The offensive line for USC knows that big changes are on the way.


After five years together, Justin Dedich hadn’t given much consideration to the fact that one day two staples of USC’s offensive line would be gone. After all the games playing alongside Brett Neilon and Andrew Vorhees, all the practices and meetings and random outings spent together, it always felt as if he’d have one more.

But Neilon, the Trojans longtime center, was carted off the field with an injury in the Pac-12 title game, and Vorhees, having battled nagging injuries all season, bowed out of the bowl to prepare for the NFL draft. Suddenly, there was no last hurrah and Dedich was playing center ahead of the Cotton Bowl, and Jonah Monheim had kicked inside to guard. An era had ended without warning.

“This is it,” Dedich said with a sigh. “It’s a harsh reality you gotta face. I’m glad we have a new group, and we’re playing well together, but those are my brothers. It makes me sad. It does.”

How harsh that reality winds up for USC depends in large part on Dedich, who’s likely to return for a sixth season as the anchor and leader of the Trojans’ offensive line. He and Monheim would be the only returning full-time starters on the line next year, making major change inevitable.

Those changes have been underway for weeks now. “It’s a brand new shuffle,” Dedich said.

With Dedich moving to center and Monheim to right guard, it’s still unclear how the other pieces will fit for USC. Gino Quinones started a game at guard earlier this season and was expected to slot in at left guard against Tulane, and redshirt freshman Mason Murphy will play one of the tackle spots.

Redshirt senior Bobby Haskins has been the Trojans’ starting left tackle for most of the season, after beating out Courtland Ford for the job. But on Friday, offensive line coach Josh Henson hinted that “you’ll see a lot of [Ford] in the Cotton Bowl.”

More changes could be on the horizon. Transfer offensive tackle Michael Tarquin, who started eight games for Florida this season, committed to USC on Friday afternoon, giving the Trojans a much-needed bookend to Murphy at tackle. Five more freshmen offensive linemen will arrive from the incoming recruiting class, including talented four-star tackle Elijah Paige.

“There will be new faces coming in in the spring, and we’ll see how they fit in,” Henson said. “But it’s a head start for those out on the field practicing right now.”
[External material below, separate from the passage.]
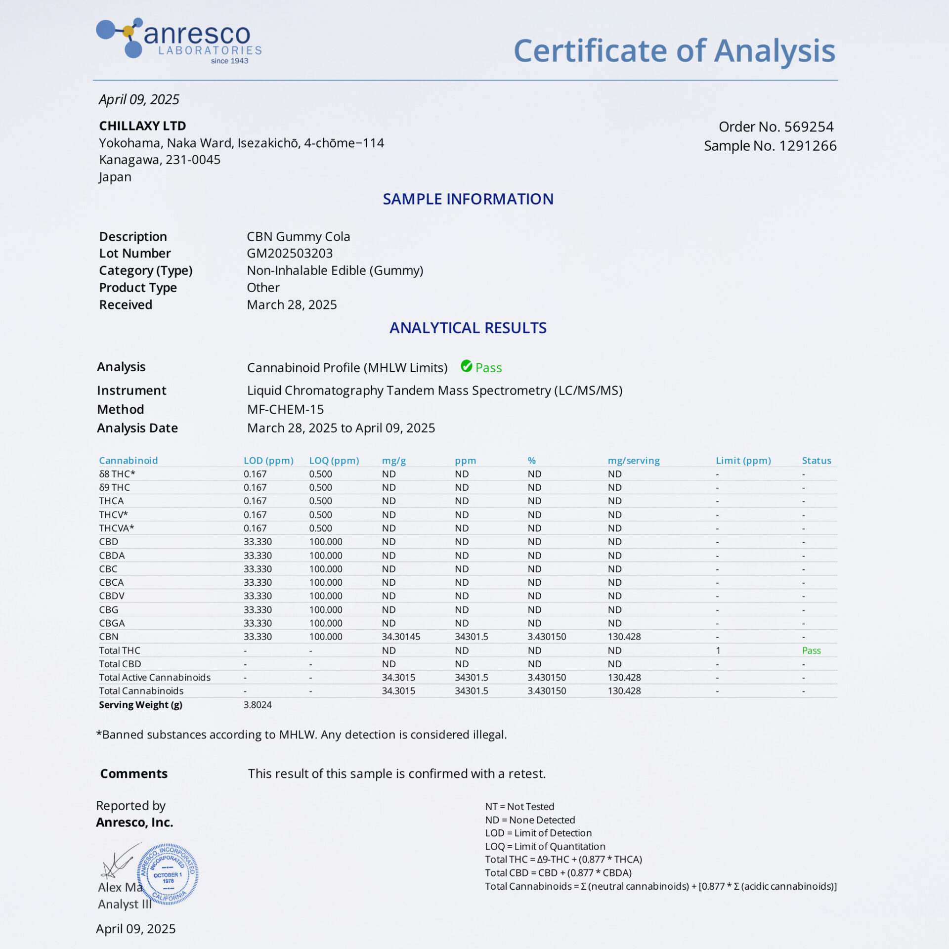・カンナビノイド量:CBN 750 / 3000mg

USC should have no shortage of options to reorganize up front by spring. But it won’t be easy to replace what Vorhees and Neilon have meant to a unit that went through its share of ups and downs.
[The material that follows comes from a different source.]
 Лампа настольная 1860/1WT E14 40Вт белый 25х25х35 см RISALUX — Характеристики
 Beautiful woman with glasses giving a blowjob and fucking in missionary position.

There was no replacing Neilon’s calm amid the chaos, Dedich and Monheim said. Nor could anyone keep them in check quite like Vorhees, whose many superstitions had become a part of the USC line’s identity.

Once, Dedich made the mistake of grabbing the wrong pregame energy drink for Vorhees.
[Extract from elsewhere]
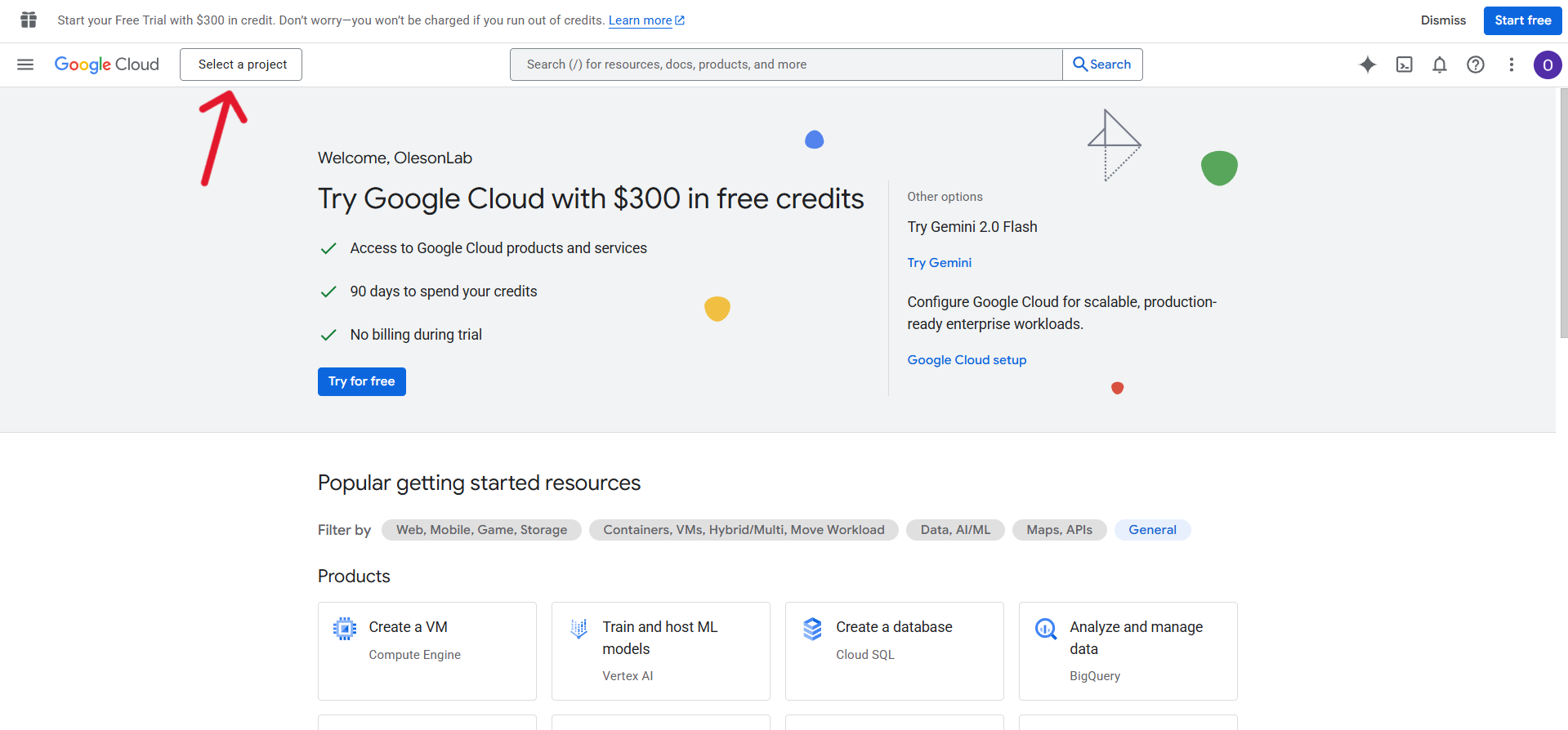 Navigate to Google Cloud Platform

“I usually grab him, like, Rainbow Unicorn, but I grabbed him, like, Strawberry Blast, and he lost it on me,” Dedich said with a laugh. “He was like, ‘Dude, if we lose this game, it’s because of this.’ ”

Dedich was feeling particularly wistful for those quirks Friday. But as he looked across the locker room at Monheim, he filled with a sense of hope for the future.

“That kid over there, Jonah is really stepping up,” he said.

Reminded he’s now technically the elder statesman of USC’s offensive line, Dedich shrugged. He still can’t quite see it that way. Not yet, at least.

“I guess I might be taking on that role, but I don’t know,” he said. “You just want the success of the room to be that great. Sometimes you’re the leader and you don’t really know it. You’re just playing ball.”